Simpkins v. State

1926 OK CR 164, 249 P. 168, 35 Okla. Crim. 143, 1926 Okla. Crim. App. LEXIS 326
CourtCourt of Criminal Appeals of Oklahoma
DecidedApril 22, 1926
DocketNo. A-5883.
StatusPublished
Cited by10 cases

This text of 1926 OK CR 164 (Simpkins v. State) is published on Counsel Stack Legal Research, covering Court of Criminal Appeals of Oklahoma primary law. Counsel Stack provides free access to over 12 million legal documents including statutes, case law, regulations, and constitutions.

Bluebook
Simpkins v. State, 1926 OK CR 164, 249 P. 168, 35 Okla. Crim. 143, 1926 Okla. Crim. App. LEXIS 326 (Okla. Ct. App. 1926).

Opinions

EDWAEDS, J.

The plaintiff in error, hereinafter called defendant, was convicted in the district court of Osage county on an information charging him with driving an automobile while intoxicated, and sentenced to pay a fine of $1,000, and to serve a term of 30 days in the state penitentiary.
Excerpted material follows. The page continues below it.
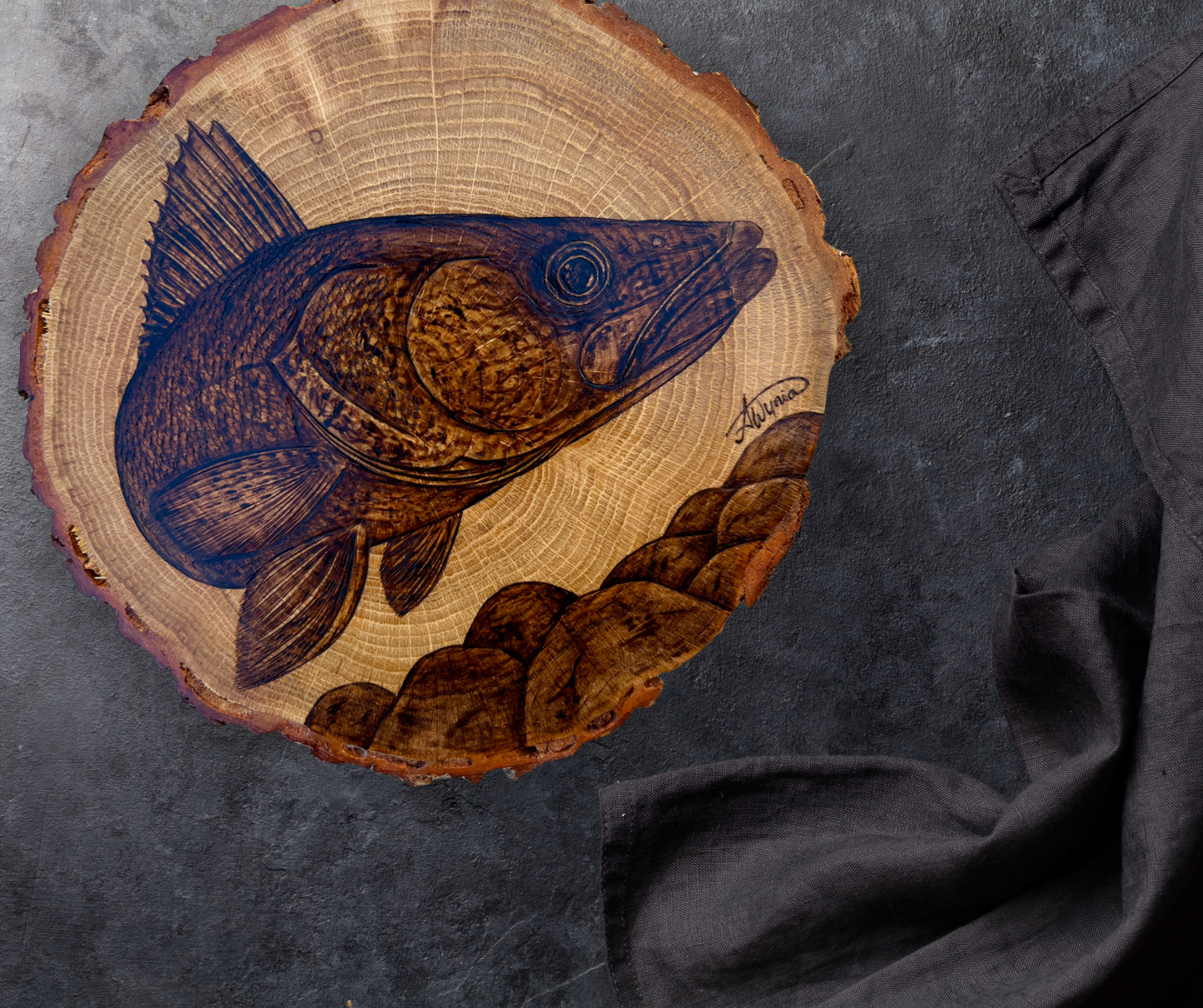 Dunvegan is an original, one-of-one, hand burned piece by Abby Wynia. The piece features a swimming walleye, tucked close to the cobble substrate along the bottom of the river

The evidence is not extensive, and, briefly stated, is that, on the 22d day of March, 1925, the defendant drove an automobile on the streets of Pawhuska and along the state highway, some two miles and a half outside the city, where he was arrested. In the course of the driving he threw a bottle or part of a bottle of whisky from his car, and broke it on the pavement, and, when apprehended, had another bottle in the car. In driving the car he went at a high rate of speed, and from one side of the road to the other, almost overturned, narrowly missed colliding with other cars, and, when arrested, had turned his car crosswise in the road. The evidence is that he was intoxicated, voluble, and pugnacious.

■ Counsel for defendant have filed an able brief advancing and exhaustively presenting the following assignments *145 of error: First, that section 3, chapter 16, Session Laws 1923, the act under which the prosecution was instituted, is unconstitutional as violative of section 57, article 5, of the Constitution; second, that said section 3 is void as being a legislative attempt to establish a rule of evidence.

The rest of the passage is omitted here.